Cape Dory 25D

Development
- Designer: Carl Alberg
- Location: United States
- Year: 1981
- No. built: 189
- Builders: Cape Dory Yachts C. W. Hood Yachts
- Role: Cruiser
- Name: Cape Dory 25D

Boat
- Displacement: 5,120 lb (2,322 kg)
- Draft: 3.50 ft (1.07 m)

Hull
- Type: monohull
- Construction: fiberglass
- LOA: 25.00 ft (7.62 m)
- LWL: 19.00 ft (5.79 m)
- Beam: 8.00 ft (2.44 m)
- Engine: Yanmar 1GM 8 hp (6 kW) diesel engine

Hull appendages
- Keel: long keel
- Ballast: 2,050 lb (930 kg)
- Rudder: keel-mounted rudder

Rig
- Rig type: Bermuda rig
- I foretriangle height: 32.00 ft (9.75 m)
- J foretriangle base: 10.25 ft (3.12 m)
- P mainsail luff: 27.25 ft (8.31 m)
- E mainsail foot: 10.25 ft (3.12 m)

Sails
- Sailplan: masthead sloop
- Mainsail area: 139.66 sq ft (12.975 m^{2})
- Jib/genoa area: 164.00 sq ft (15.236 m^{2})
- Total sail area: 303.66 sq ft (28.211 m^{2})

Racing
- PHRF: 255

= Cape Dory 25D =

Sailboat class

The Cape Dory 25D, also called the Cape Dory 25 Mark II and later sold as the Octavia 25, is an American trailerable sailboat that was designed by Carl Alberg as a cruiser and first built in 1981. The "D" designation indicates that it is equipped with a diesel engine.

The Cape Dory 25D is sometimes confused with the unrelated 1973 design from the same manufacturer, which it replaced in production, the Cape Dory 25.

==Production==
The design was built by Cape Dory Yachts in East Taunton, Massachusetts, United States from 1981 to 1985, with 189 boats completed.
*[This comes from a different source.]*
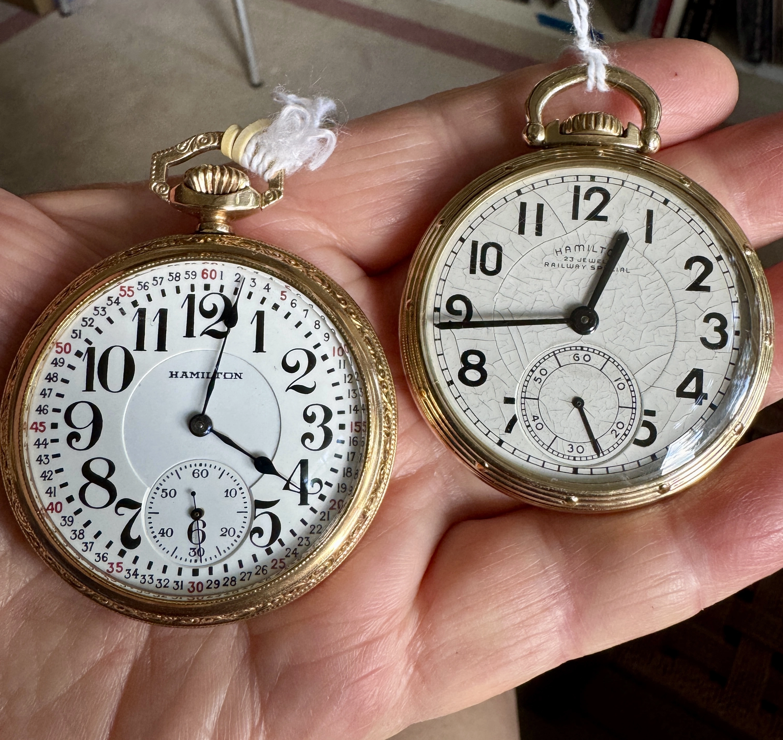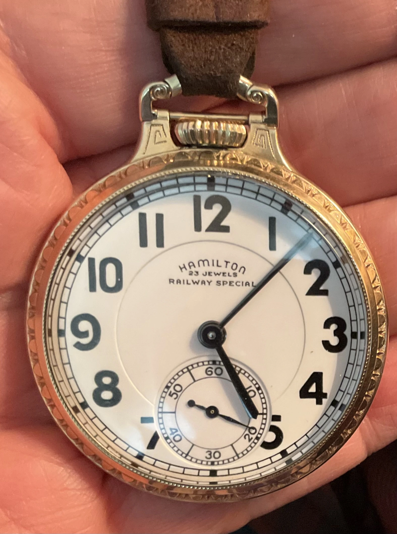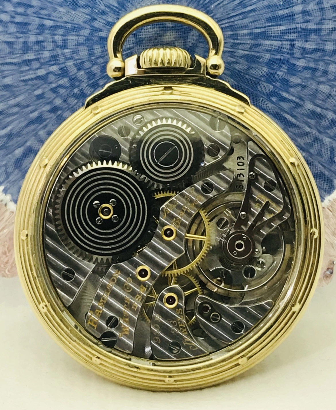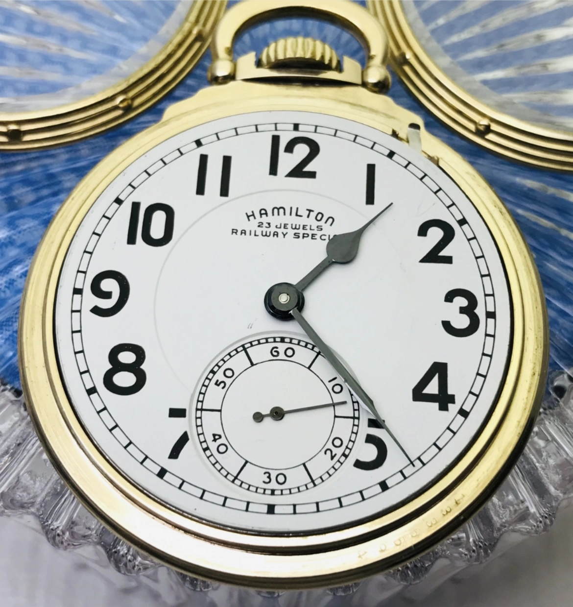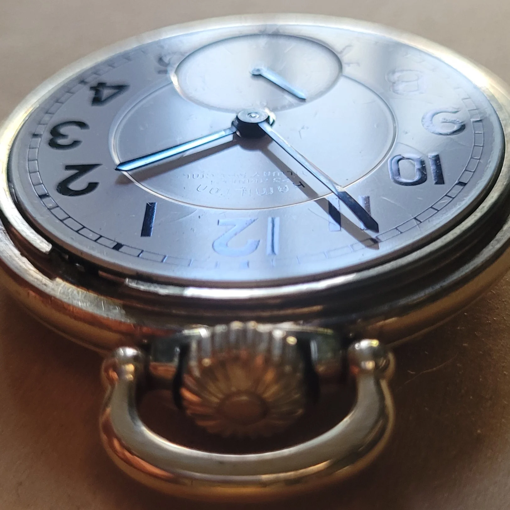 Earlier in this thread, I posted a picture of my Hamilton 950B which has had a double sunk vitreous enamel dial fitted to it. It came to me with a melamine dial which was factory original. When the vitreous enamel dial became available, I liked it better. I have saved the original melamine dial. I am showing my Hamilton 950B with the vitreous enamel dial again, along with a picture of the original melamine dial. The 950B posted by @Waltesefalcon sure appears to me to have a vitreous enamel dial, not melamine. You sure it is melamine?

The design was also built around 1996 by C. W. Hood Yachts and sold as the Octavia 25, but it is now out of production.

==Design==
The Cape Dory 25D was intended to be a replacement boat for the Cape Dory 25 after sales of that model dropped off. The design goals included a boat with more sail power, capable of being cruised on extended voyages in comfort by two people.

The Cape Dory 25D is a recreational keelboat, built predominantly of fiberglass, with teak wood trim. The deck and cabin roof have a balsa core. It has a masthead sloop rig with a deck stepped mast; a spooned, raked stem; a raised counter, angled transom; a keel-mounted rudder controlled by a tiller and a fixed long keel. It displaces 5120 lb and carries 2050 lb of ballast.

The boat has a draft of 3.50 ft with the standard keel.

The boat is fitted with a Japanese Yanmar 2GMF 1GM diesel engine of 8 hp for docking and maneuvering. The fuel tank holds 13 u.s.gal and the fresh water tank has a capacity of 20 u.s.gal.

The design has sleeping accommodation for four people, with two straight settees in the main cabin, one of which can convert into a double and a quarter berth aft on the starboard side. The L-shaped galley is located on the port side just forward of the companionway ladder. The galley is equipped with a two-burner stove and a sink. The head is located in the bow and includes a vanity, wet and dry hanging lockers and a shower that drains into the bilge. The interior has a fully-molded hull liner. Cabin headroom is 71 in.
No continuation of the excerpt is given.